<<<<

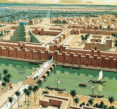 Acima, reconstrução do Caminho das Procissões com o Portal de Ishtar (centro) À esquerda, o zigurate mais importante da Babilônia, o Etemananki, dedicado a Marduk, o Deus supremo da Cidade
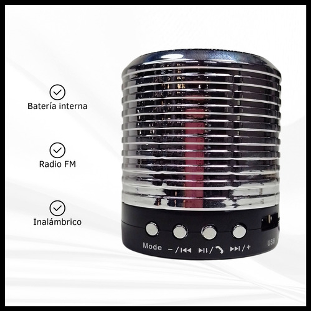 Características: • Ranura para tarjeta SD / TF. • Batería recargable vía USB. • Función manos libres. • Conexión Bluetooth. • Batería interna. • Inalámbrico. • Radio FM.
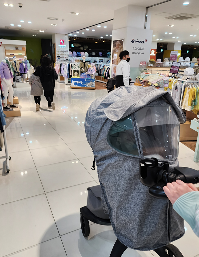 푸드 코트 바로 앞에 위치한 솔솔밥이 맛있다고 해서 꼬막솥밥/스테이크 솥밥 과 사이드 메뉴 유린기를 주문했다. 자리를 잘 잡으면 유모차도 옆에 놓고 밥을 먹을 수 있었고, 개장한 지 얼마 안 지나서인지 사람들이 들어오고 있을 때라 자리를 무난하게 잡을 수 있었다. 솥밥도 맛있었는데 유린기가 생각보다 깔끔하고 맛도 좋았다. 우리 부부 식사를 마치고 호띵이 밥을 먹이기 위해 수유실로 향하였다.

>>>>

EXERCISE AIM: In your copy of the listing above, every line must match exactly and no picture may appear.

RESPONSE BELOW:
 Acima, reconstrução do Caminho das Procissões com o Portal de Ishtar (centro) À esquerda, o zigurate mais importante da Babilônia, o Etemananki, dedicado a Marduk, o Deus supremo da Cidade
 Características: • Ranura para tarjeta SD / TF. • Batería recargable vía USB. • Función manos libres. • Conexión Bluetooth. • Batería interna. • Inalámbrico. • Radio FM.
 푸드 코트 바로 앞에 위치한 솔솔밥이 맛있다고 해서 꼬막솥밥/스테이크 솥밥 과 사이드 메뉴 유린기를 주문했다. 자리를 잘 잡으면 유모차도 옆에 놓고 밥을 먹을 수 있었고, 개장한 지 얼마 안 지나서인지 사람들이 들어오고 있을 때라 자리를 무난하게 잡을 수 있었다. 솥밥도 맛있었는데 유린기가 생각보다 깔끔하고 맛도 좋았다. 우리 부부 식사를 마치고 호띵이 밥을 먹이기 위해 수유실로 향하였다.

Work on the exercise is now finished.